HOW TO COMPLETE THIS TASK:
Each line of the listing below that includes "with" should be reported.

DATA EXCERPTS:

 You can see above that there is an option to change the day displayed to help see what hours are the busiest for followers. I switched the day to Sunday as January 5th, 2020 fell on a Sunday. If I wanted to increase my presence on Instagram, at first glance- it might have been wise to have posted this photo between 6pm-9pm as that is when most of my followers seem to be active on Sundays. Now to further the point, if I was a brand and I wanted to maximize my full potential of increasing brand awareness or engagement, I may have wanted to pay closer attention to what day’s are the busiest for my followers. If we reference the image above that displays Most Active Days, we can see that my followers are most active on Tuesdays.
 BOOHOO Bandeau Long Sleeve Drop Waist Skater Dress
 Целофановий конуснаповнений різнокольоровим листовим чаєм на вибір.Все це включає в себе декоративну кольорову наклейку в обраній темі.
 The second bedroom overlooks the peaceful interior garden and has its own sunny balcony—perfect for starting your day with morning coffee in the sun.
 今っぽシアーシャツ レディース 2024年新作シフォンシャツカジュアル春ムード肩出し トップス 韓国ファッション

---

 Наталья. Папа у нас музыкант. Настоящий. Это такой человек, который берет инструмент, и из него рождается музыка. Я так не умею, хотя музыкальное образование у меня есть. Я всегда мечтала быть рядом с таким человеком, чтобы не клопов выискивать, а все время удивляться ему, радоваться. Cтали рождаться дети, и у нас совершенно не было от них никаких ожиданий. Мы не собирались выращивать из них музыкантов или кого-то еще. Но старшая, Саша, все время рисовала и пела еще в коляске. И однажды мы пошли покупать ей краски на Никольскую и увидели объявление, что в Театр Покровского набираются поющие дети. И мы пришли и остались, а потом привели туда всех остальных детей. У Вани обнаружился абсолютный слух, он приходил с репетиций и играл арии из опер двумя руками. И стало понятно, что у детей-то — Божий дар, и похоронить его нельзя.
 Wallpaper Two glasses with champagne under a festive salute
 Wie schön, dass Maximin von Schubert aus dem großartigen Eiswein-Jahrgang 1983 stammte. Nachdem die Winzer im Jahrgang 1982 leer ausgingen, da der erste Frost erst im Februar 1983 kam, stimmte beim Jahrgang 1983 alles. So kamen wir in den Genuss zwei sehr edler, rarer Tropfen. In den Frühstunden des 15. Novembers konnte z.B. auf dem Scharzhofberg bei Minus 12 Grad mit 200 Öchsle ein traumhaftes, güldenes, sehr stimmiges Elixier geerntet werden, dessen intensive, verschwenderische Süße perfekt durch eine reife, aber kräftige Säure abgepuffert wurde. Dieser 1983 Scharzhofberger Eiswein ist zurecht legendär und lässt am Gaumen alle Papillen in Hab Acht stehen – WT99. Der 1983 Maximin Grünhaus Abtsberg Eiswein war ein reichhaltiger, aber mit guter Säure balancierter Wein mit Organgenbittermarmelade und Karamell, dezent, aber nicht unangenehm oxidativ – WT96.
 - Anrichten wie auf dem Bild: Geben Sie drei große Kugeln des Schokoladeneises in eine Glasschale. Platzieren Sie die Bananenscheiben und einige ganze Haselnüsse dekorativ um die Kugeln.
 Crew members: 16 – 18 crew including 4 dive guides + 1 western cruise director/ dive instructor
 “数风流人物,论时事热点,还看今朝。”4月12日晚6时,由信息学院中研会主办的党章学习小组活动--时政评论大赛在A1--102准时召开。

* * *

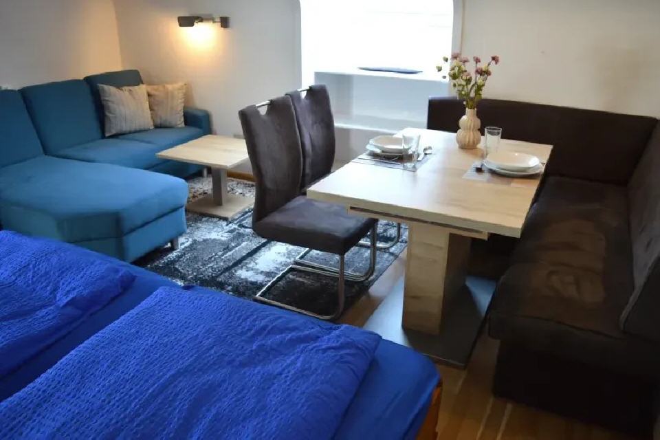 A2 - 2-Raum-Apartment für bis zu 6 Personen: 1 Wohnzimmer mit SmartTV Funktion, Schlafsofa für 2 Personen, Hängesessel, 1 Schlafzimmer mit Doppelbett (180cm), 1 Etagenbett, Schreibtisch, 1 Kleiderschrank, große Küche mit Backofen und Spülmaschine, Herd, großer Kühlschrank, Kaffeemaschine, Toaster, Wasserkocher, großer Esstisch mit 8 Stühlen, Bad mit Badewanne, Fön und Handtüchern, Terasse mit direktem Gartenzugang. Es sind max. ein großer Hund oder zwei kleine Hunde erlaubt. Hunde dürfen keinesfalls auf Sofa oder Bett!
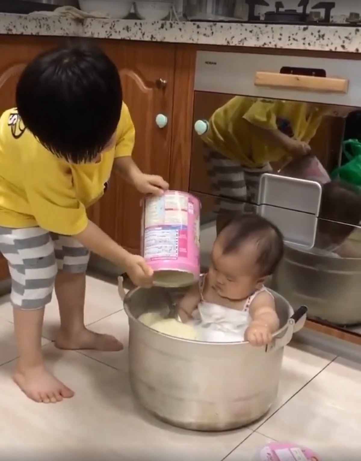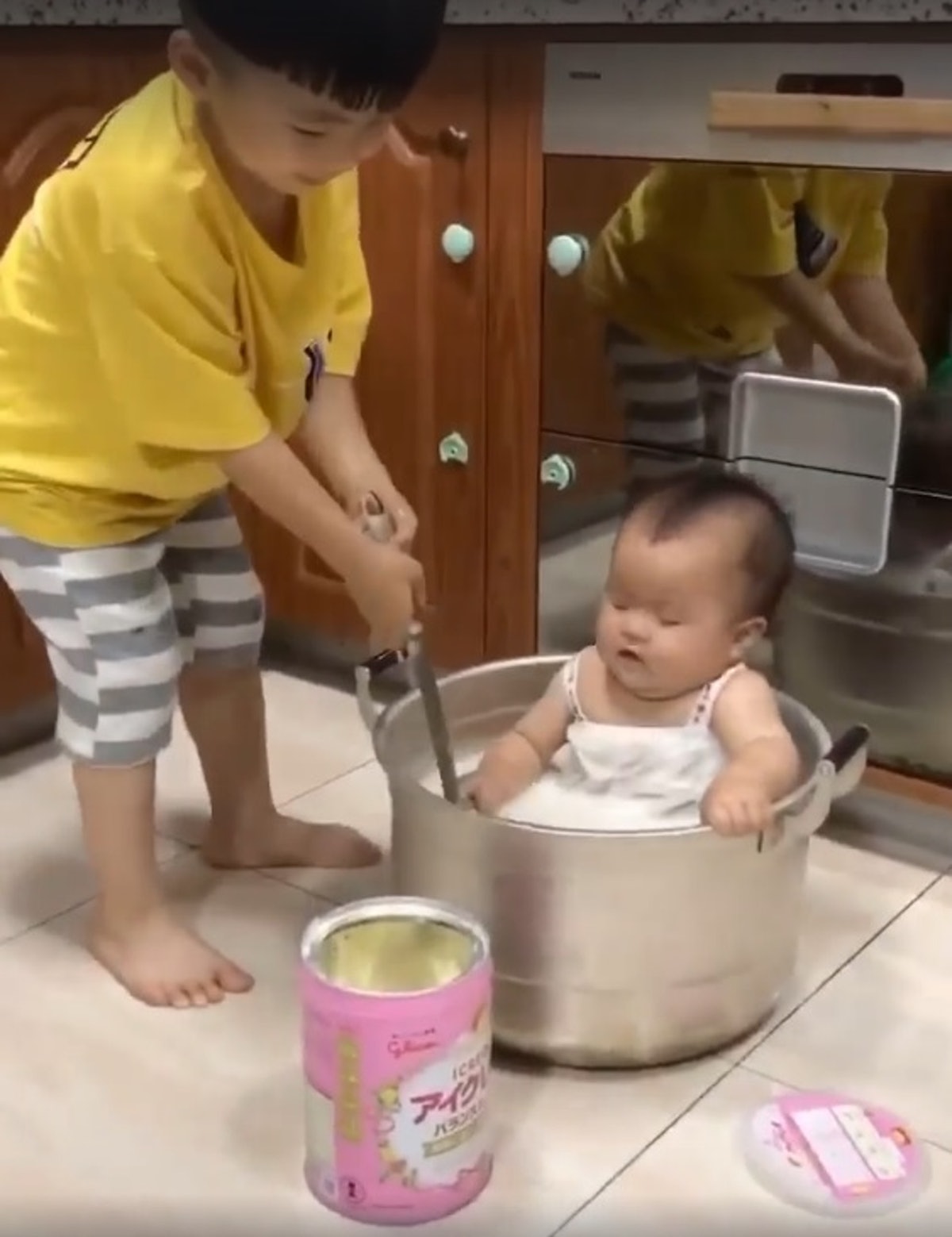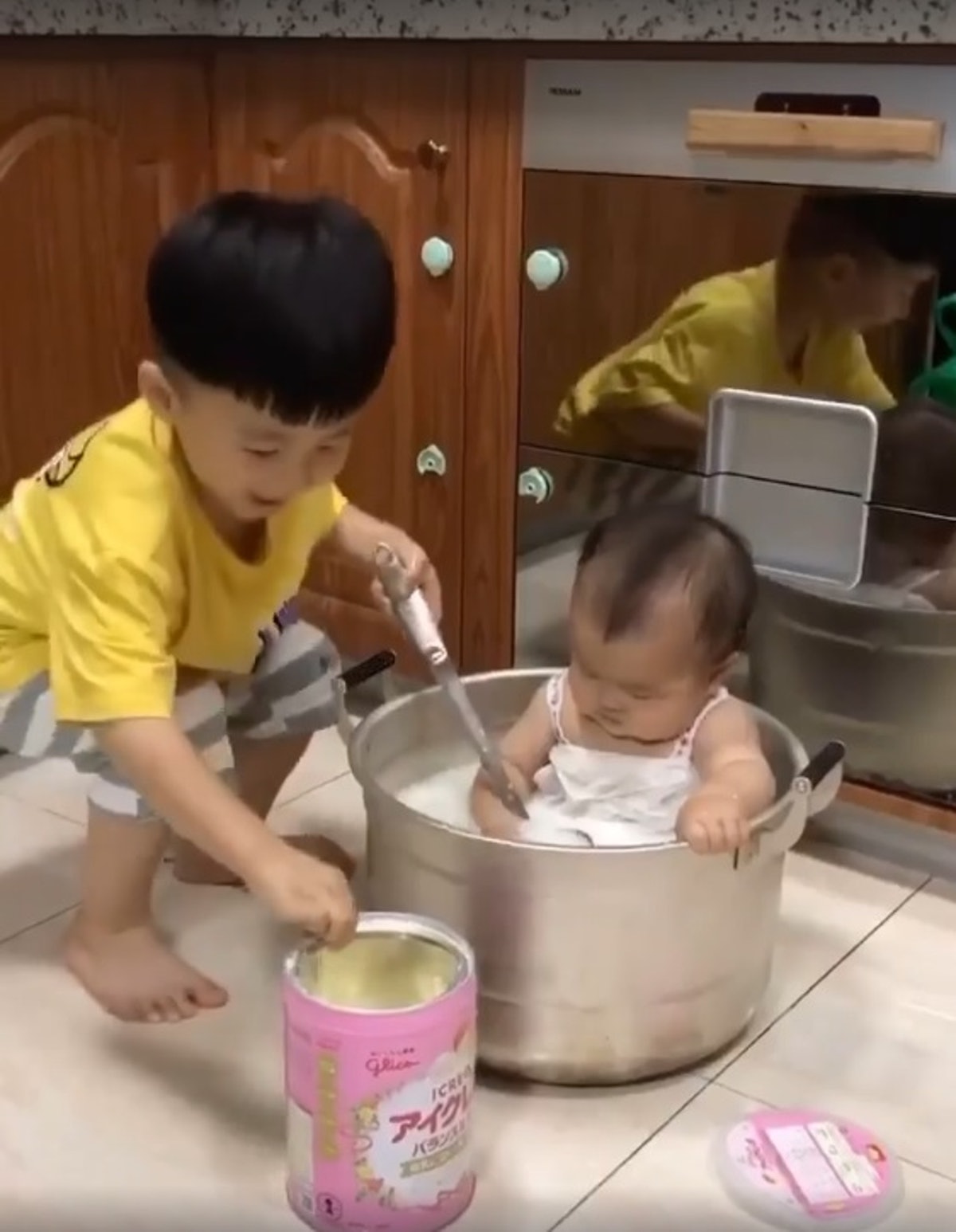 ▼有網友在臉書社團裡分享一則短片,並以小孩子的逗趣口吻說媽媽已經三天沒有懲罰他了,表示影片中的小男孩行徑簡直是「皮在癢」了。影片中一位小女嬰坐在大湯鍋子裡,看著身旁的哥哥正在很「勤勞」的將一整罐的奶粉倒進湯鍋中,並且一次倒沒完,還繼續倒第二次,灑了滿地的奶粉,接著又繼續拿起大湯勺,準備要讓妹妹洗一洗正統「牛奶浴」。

SOLUTION BELOW:
 The second bedroom overlooks the peaceful interior garden and has its own sunny balcony—perfect for starting your day with morning coffee in the sun.
 Wallpaper Two glasses with champagne under a festive salute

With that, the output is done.